Layered MoxBy (MBenes) derived by a molten-salt method and their application in advanced LIB anodes

• Published in: Journal of materials chemistry. A, Materials for energy and sustainability Vol. 12; no. 20; pp. 12163 - 12172
• Main Authors: Yi-Zhao, Chen, Ting-Ting, Mao, Song-Yi, Liao, Yao, Selina X, Yong-Gang, Min
• Format: Journal Article
• Language: English
• Published: Cambridge Royal Society of Chemistry 21.05.2024
• Subjects: Anodes; Borides; Crystal structure; Electrochemistry; Electron microscopy; Etching; Lithium-ion batteries; Microscopy; Rechargeable batteries; Salts; Scanning electron microscopy; Specific capacity; Transmission electron microscopy; Two dimensional materials; X ray photoelectron spectroscopy
• ISSN: 2050-7488; 2050-7496
• DOI: 10.1039/d4ta00913d

As novel two-dimensional materials, MBenes derived from bulk ternary metal borides (MAB phase) have attracted increasing attention but are limited by their preparation strategy.
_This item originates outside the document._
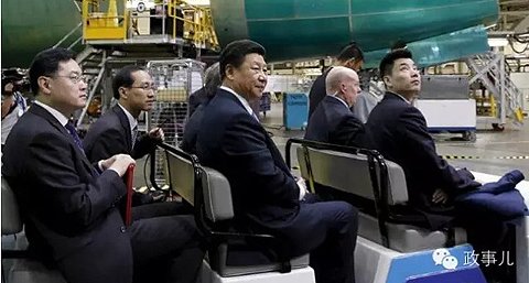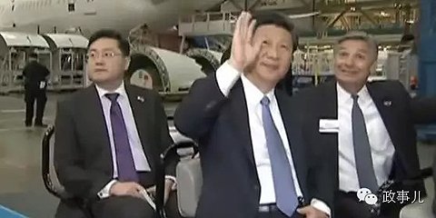与上述“主席警卫”出现在波音公司厂房里的电瓶车上一样,习近平身后的第三排坐着的就是秦刚。画面显示,秦刚坐在习主席后面,手拿一个红色的笔记本状东西。而在这之前,习近平抵达波音公司时,秦刚站在最前面为习近平介绍波音公司高层。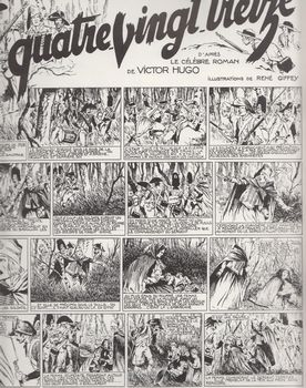 remarques: | une réédition de Quatre-Vingt-Treize publiée par les éditions Transit à Toulouse (1979), 29 planches en N&B, sans changement avec l'édition originale brochée de 1950, mais sans l'épisode avec Buffalo Bill >> résumé voir l'album des éditions Mondiales (1950) annexes - couverture - détail de vignette - page extraite de l'album |

In this work, MoxBy (MBene) derivatives with an accordion-like structure were successfully prepared by completely etching an Al layer from MoAlB via a molten-salt method. The thermal behaviors, crystal structure, and surface chemical state were analyzed using DSC/TG, XRD and XPS analyses, respectively. The micro-morphology of the obtained MBene was then characterized using scanning electron microscopy and transmission electron microscopy accompanied by EDS mappings. The results reveal that the MBene synthesized at 620 °C (abbreviated as MBene-620) demonstrates its characteristic (020) peak and layered structure. When used as an advanced anode for Li-ion batteries (LIBs), the MBene delivers excellent electrochemical performances with a reversible specific capacity of 638.2 mA h g−1 after 100 cycles at a current density of 0.1 A g−1. As a promising green strategy, this molten-salt method provides a new opportunity to explore the wide-ranging applications of MBene series, particularly in new energy fields of LIBs.